■ Problem requirements
Copy out exactly the stretch below, from the line with "The REMAP statement" through the line with "Sizing: *Lank (model)", both included; the pictures stay out.

■ Excerpted data
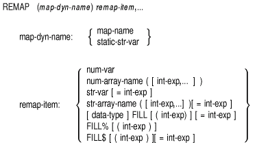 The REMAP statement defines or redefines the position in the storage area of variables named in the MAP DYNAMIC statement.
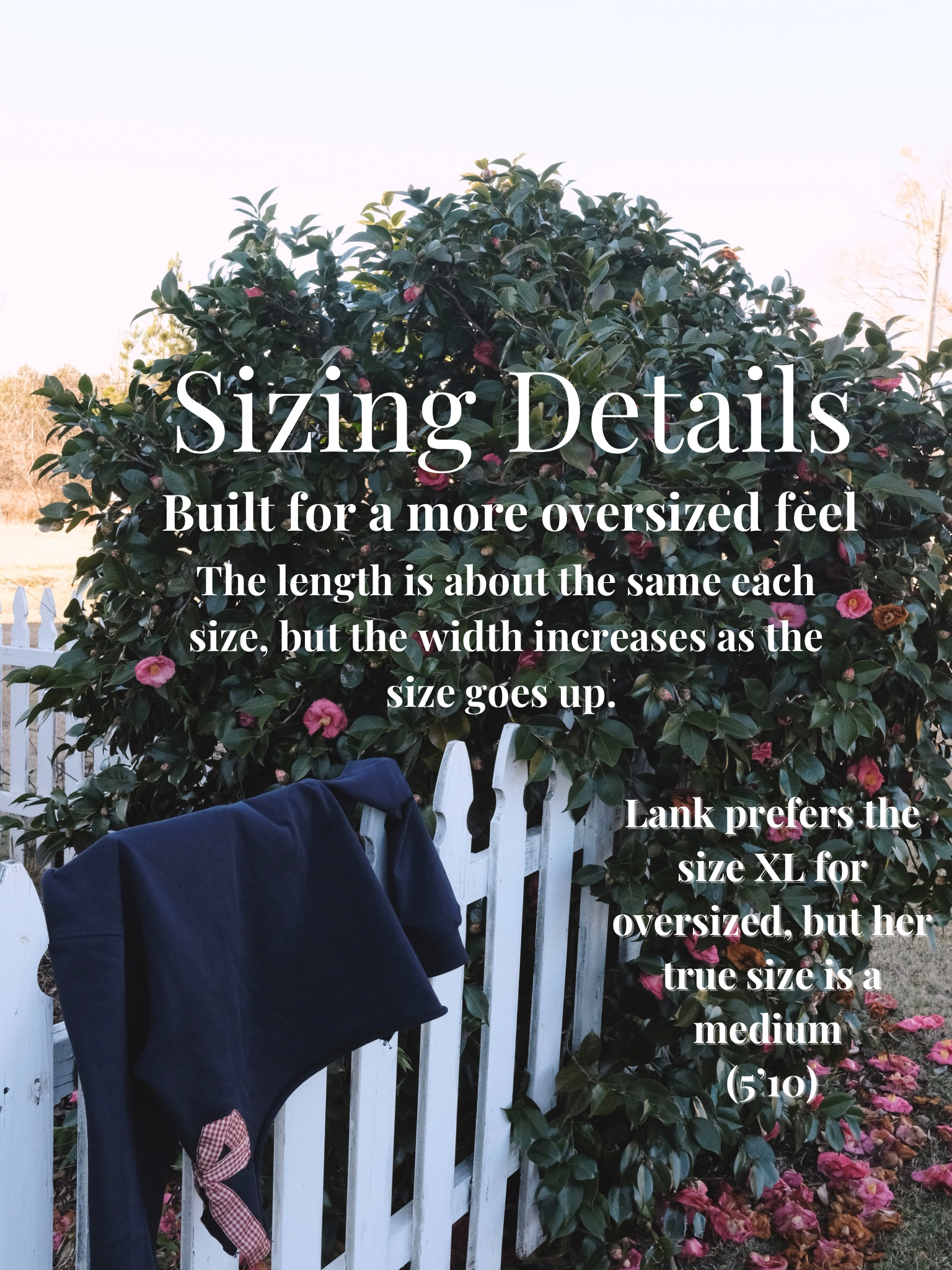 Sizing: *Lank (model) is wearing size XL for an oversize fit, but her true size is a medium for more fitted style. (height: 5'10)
* * *
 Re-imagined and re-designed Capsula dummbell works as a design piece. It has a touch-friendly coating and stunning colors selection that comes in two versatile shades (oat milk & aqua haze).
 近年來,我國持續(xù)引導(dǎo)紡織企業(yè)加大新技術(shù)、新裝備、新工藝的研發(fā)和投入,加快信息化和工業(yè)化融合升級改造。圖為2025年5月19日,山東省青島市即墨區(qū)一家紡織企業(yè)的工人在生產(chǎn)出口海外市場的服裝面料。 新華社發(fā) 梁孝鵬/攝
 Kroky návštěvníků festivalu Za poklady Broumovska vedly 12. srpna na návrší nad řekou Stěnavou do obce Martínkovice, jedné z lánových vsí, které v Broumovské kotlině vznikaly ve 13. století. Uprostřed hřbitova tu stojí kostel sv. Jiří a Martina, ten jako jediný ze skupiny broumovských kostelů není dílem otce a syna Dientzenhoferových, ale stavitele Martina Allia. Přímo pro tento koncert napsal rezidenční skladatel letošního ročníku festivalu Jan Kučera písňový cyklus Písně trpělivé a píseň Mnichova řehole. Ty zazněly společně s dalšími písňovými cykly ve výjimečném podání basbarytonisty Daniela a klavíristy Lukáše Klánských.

■ Your response
 The REMAP statement defines or redefines the position in the storage area of variables named in the MAP DYNAMIC statement.
 Sizing: *Lank (model) is wearing size XL for an oversize fit, but her true size is a medium for more fitted style. (height: 5'10)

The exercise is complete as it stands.